Saturday, December 8, 2012

Nuclear Energy, the sculpture.

Nuclear Energy ~ a sculpture by Artist Henry Moore

On December 2, 1942 I was thirty-seven days short of my fifth birthday. A happy child one would presume, playing joyfully in the backyard of my California home. On that day as I played without a care or woe, a few thousand miles away on the University of Chicago campus Enrico Fermi created the first nuclear chain reaction, in the world’s first atomic reactor, and generated the world’s first high-level radioactive reactor waste – the clock showed it was 3:25 PM local time, early afternoon in California.

Events moved swiftly since that day in 1942. Less than three years later the atomic bomb test “Trinity” would occur in New Mexico followed shortly by the United States bombings of Hiroshima and Nagasaki in Japan.
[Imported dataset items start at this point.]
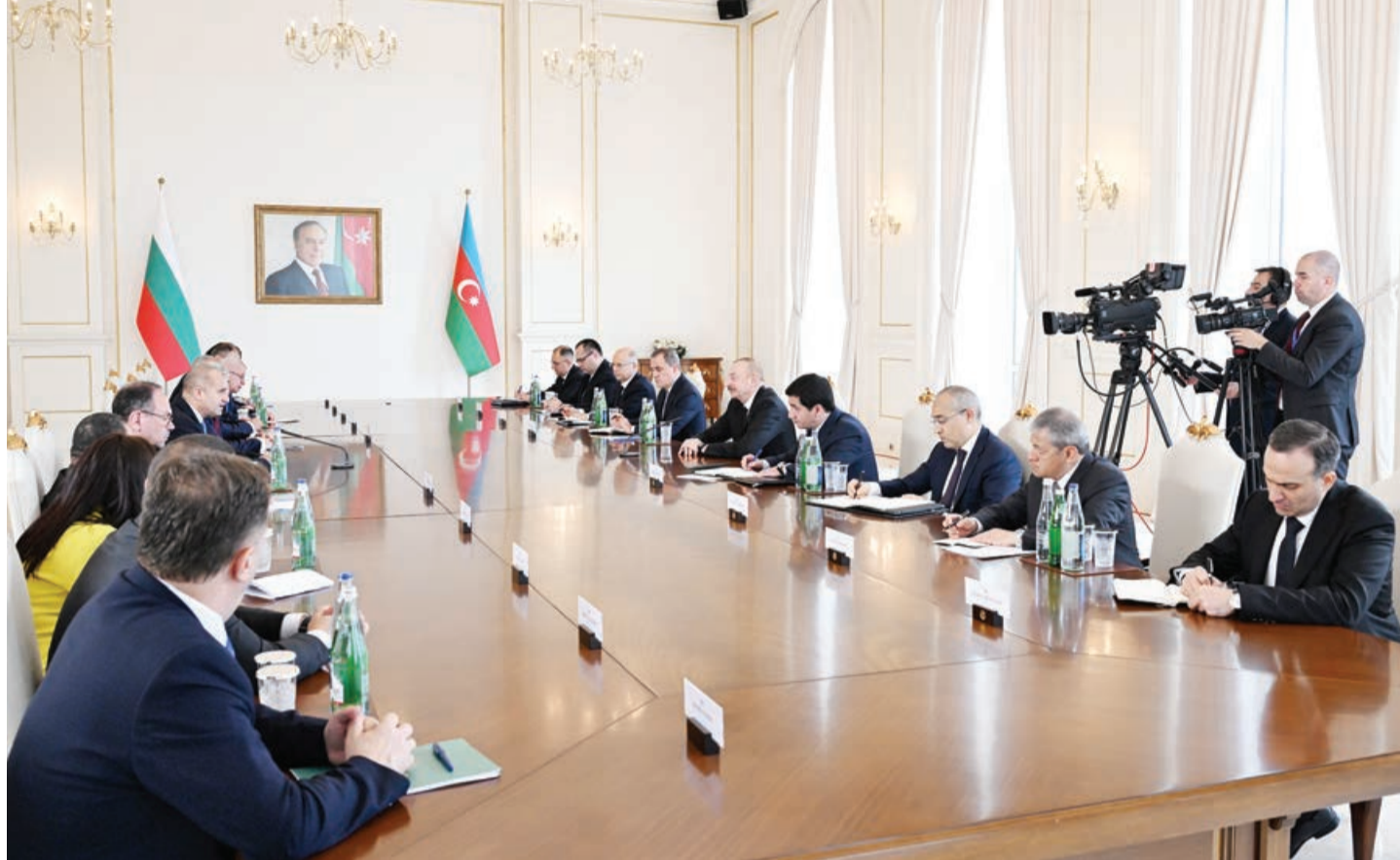
Əvvəli 2-ci sah.

Biz şadıq ki, hazırda Bolqarıstan və Azərbaycan enerji təhlükəsizliyi məsələləri üzərində sıx şəkildə çalışır. Bizim Bolqarıstana qaz təchizatımız artır. Ümidvaram ki, bu il də artım müşahidə edəcəyik. Biz, həmçinin "yaşıl gündəlik" üzərində birlikdə işləyirik. Mən cənab Prezidenti COP29-da iştirak etməyə dəvət etdim və onu noyabrda yenidən görməyə şad olaram. Eyni zamanda "yaşıl enerji" kabeli layihəsində heyətlərimiz sıx şəkildə işləyirlər. Əminəm ki, səfərin yaxşı nəticələri olacaq və tərəfdaşlığımız uğurla davam edəcək. Beləliklə, cənab Prezident, bir daha Azərbaycana xoş gəlmisiniz.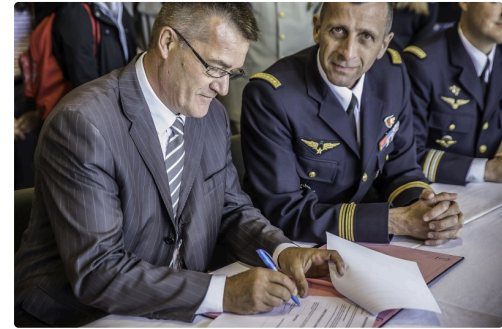
Gros plan sur les signataires et...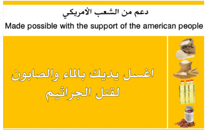
Exemple de bon de marchandises issu du programme TEPF de MC Yémen, financé par l'USAID.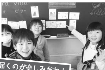
選手に届くのが楽しみだね！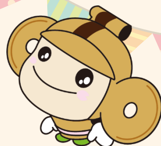
本庄市マスコット はにぽん

開催日時 毎月第4月曜日 午後1時30分～3時30分 会場 はにぽんプラザ2階 活動室D・E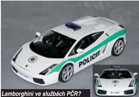
Lamborghini ve službách PČR? Kdepak, je to jen model.

"Nejvíce jsou v Liberci zastoupeny Škody Felicie a Škody Fabie. Dále pak Škody Octavie. Skupina dopravních nehod využívá k výjezdům vozidla VW, která jsou uzpůsobena jako mobilní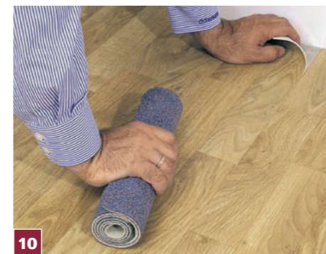
10 Na taśmie klejącej układamy drugie, dołączane pasmo wykładziny i całość dociskamy za pomocą wykonanego samodzielnie wałka dociskowego.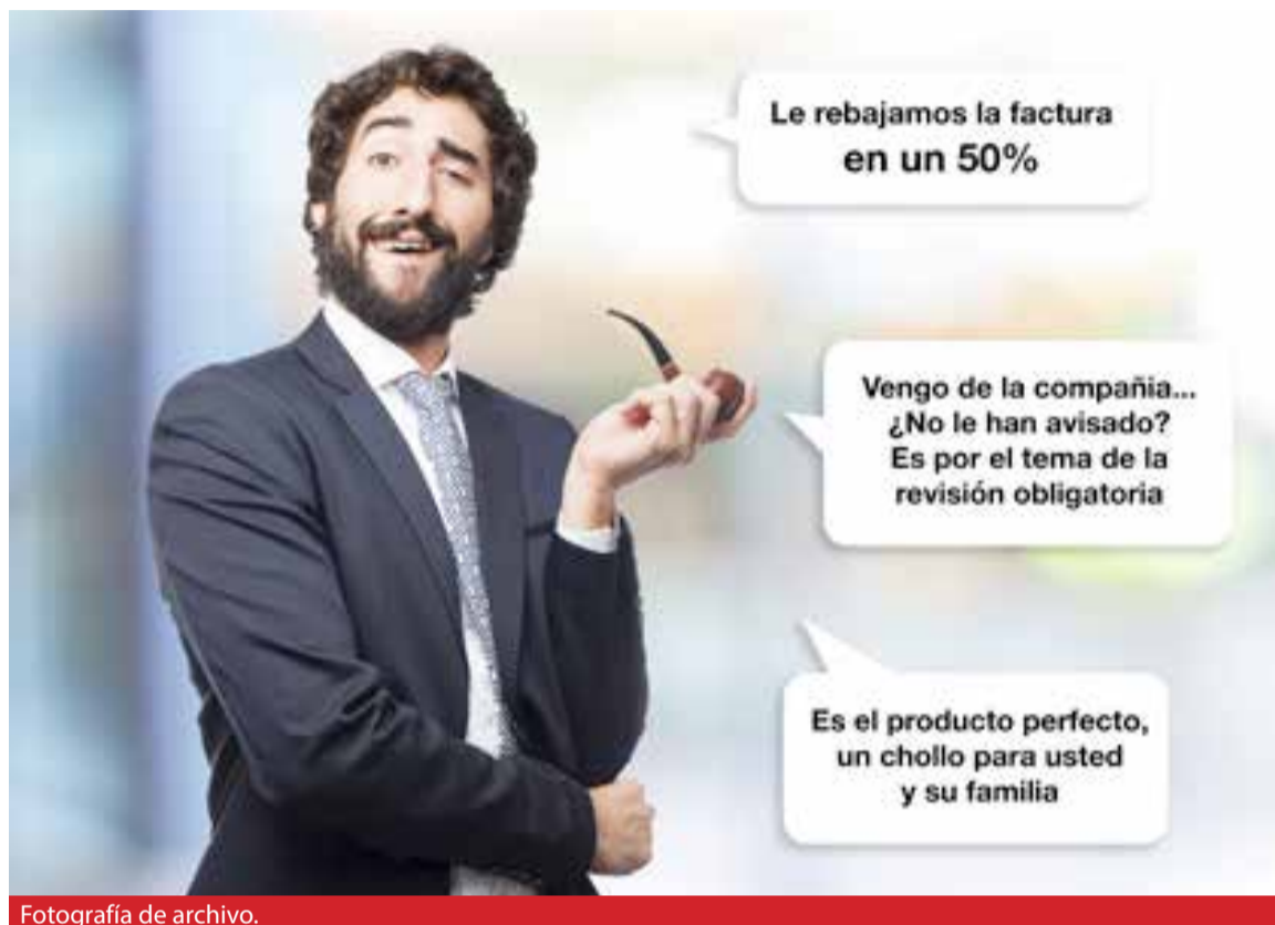
Fotografía de archivo.

Las sugerencias para estos casos son: desconfiar de productos que parecen "perfectos", no dejar entrar en casa a personas de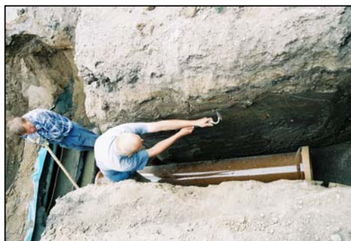
Obr. 3 - zčišťování stěny výkopu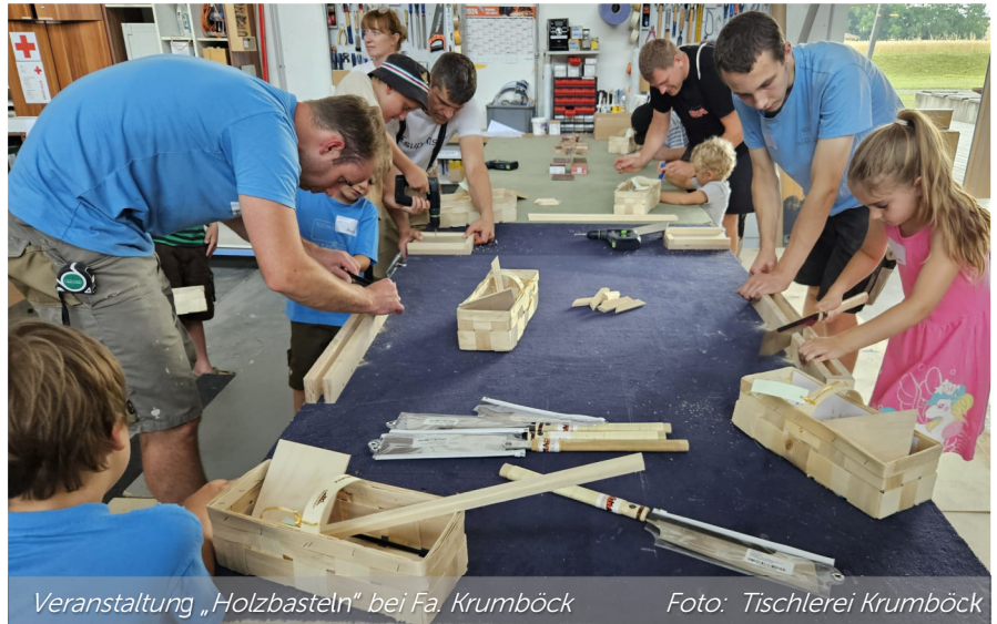
Veranstaltung „Holzbasteln“ bei Fa. Krumböck

Dieses Jahr feiert der Ferienspaß in Prinzersdorf sein 20-jähriges Jubiläum . Der perfekte Moment, um einen Blick in die Vergangenheit zu werfen und die bisherige Erfolgsgeschichte dieser einzigartigen Initiative zu würdigen .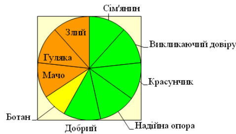
Рис.2 Групи чоловіків у жінок із континуально – альтернативною статевою рольовою структурою. Примітка: ■ - позитивна оцінка, ■ - негативна оцінка, ■ - нейтральна оцінка.

Як видно із рис. 1, жінки із андрогінною статевою рольовою структурою позитивно оцінюють групи чоловіків, які мають різноманітні вади, які стосуються стереотипних образів («ботан», «мачо»), характеристик поведінки («впевнений», «невпевнений», «невдаха»), зовнішності («красунчик») та тих характеристик, які проявляються в стосунках із жінками («викликаючий довіру»). Це свідчить про широке коло інтересів жінок і вміння розглядати в партнерові позитивні риси. Крім того на вибір партнера у жінок з андрогінною моделлю слабо впливають соціальні стереотипи, вони схильні позитивно оцінювати різні групи чоловіків, не поділяючи їх на дихотомічні класи. Варіативність виборів також може бути зрозуміла як прояв психологічної зрілості.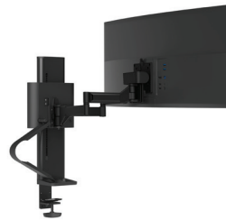
TRACE Monitorhalterung mit Tischklemme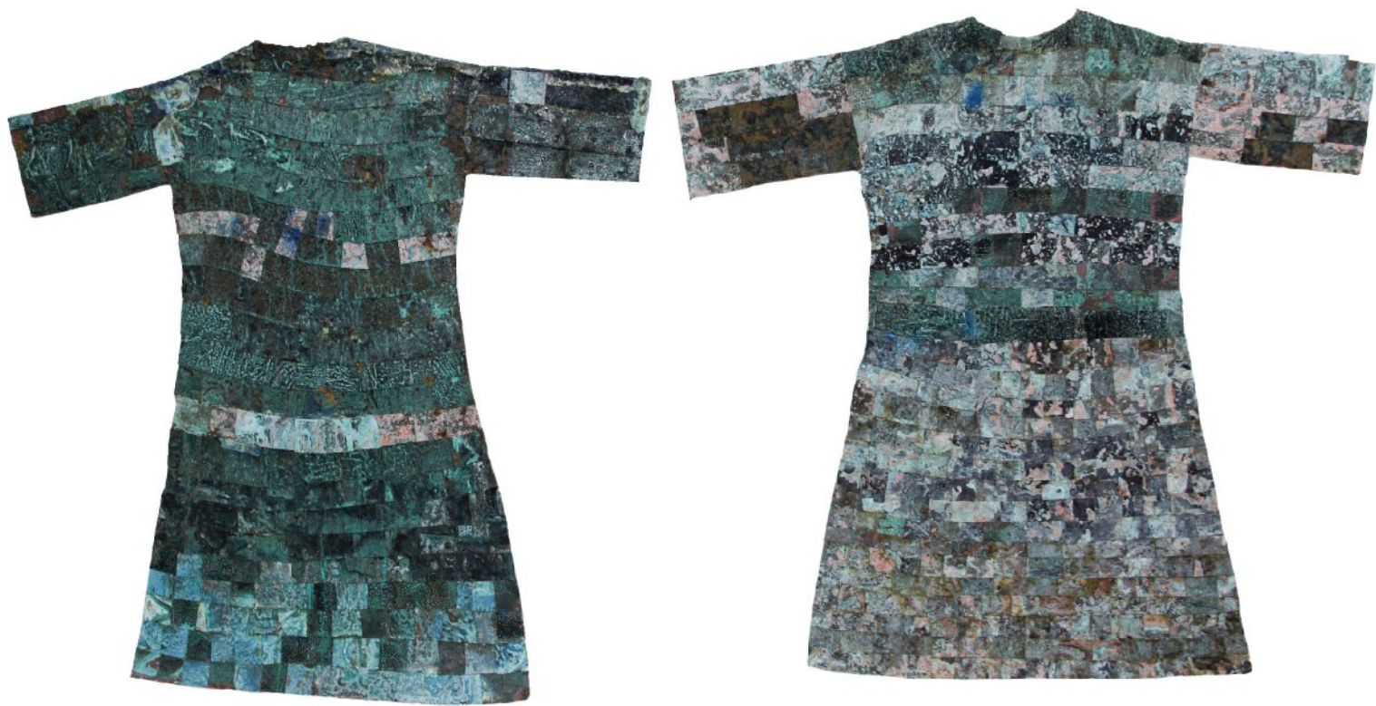
Oxidized pieces of copper and brass on fiber, fixed on wooden frame | Each piece 130 x 120 cm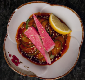
Spicy Wakame Salad 미역 초무침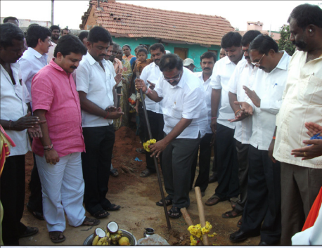
ಅಭಿವೃದ್ಧಿ ಕಾಮಗಾರಿಗಳಿಗೆ ಚಾಲನೆ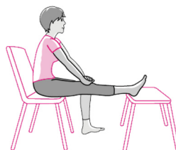
矯正膝關節彎縮 (壓膝運動)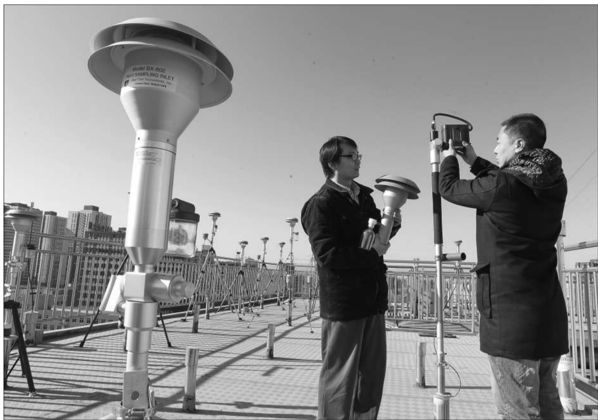
1月4日,北京,中国环境监测总站大气室的工作人员正在对细粒子PM2.5连续检测仪的切割头进行校验。

注:上月底,上海市公布了2006年至2010年PM2.5研究性数据,年均浓度值在44-53微克/立方米之间。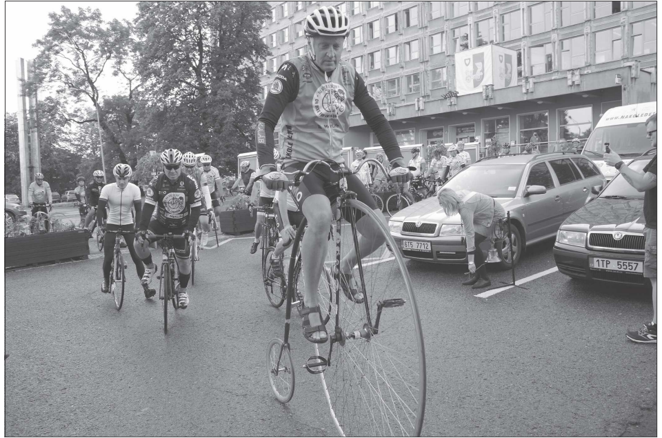
Druhá etapa letošního charitativního cyklotour Na kole dětem startovala minulý pátek před budovou radnice. Kopřivnice byla cílovým městem prvního dne 11. ročníku akce vytvořené cyklistou Josefem Zimovčákem.

Cyklotour Na kole dětem je sportovní projekt Josefa Zimovčáka na podporu onkologicky nemocných dětí a mezi jeho aktivními účastníky nechybí významné osobnosti, úspěšní sportovci a známé tváře. (Pokračování na straně 7)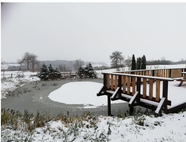
4. Teren rekreacji – taras widokowy

And still I played at my childish games, perhaps mothering my baby doll as I dressed and fed her and took her for rides in her little baby carriage.

But I was the lucky child, I wasn’t aware of these events really and I wasn’t a child playing in a backyard in a home located in Hiroshima or Nagasaki. I was lucky also because I live five years of my life in an environment not inhabited with nuclear waste.

Now seventy years later in Chicago, 200 participants mark the tragic observance of “A Mountain of Radioactive Waste 70 Years High” during a two-day event. And I, seventy years later, live only a few hundred miles from Chicago and I no longer play in my backyard without care or woe. Now I spend a portion of each of my days trying to learn more about this ‘pile’ of nuclear waste, this pile that is 70 years high.; to learn more and to pass on to others that they may learn as well.

Together if we are successful we will leave a future of clean backyards for generations yet to come, backyards where children can play their childish games safe and secure.

About the sculpture:

"Nuclear Energy", a 12-foot tall bronze sculpture by the British abstract artist Henry Moore (1898-1986), was unveiled at 3:36 p.m. on December 2, 1967, precisely a quarter-century after scientists at the University of Chicago achieved the first controlled self-sustaining nuclear chain reaction, thereby initiating the atomic age. The sculpture stands on the site of the University's old Stagg Field, where the experiment took place under the leadership of Enrico Fermi.

To some, it suggests the shape of the human skull or the atomic mushroom cloud. Henry Moore told a friend, however, that he hoped those viewing it would "go around it, looking out through the open spaces, and that they may have a feeling of being in a cathedral."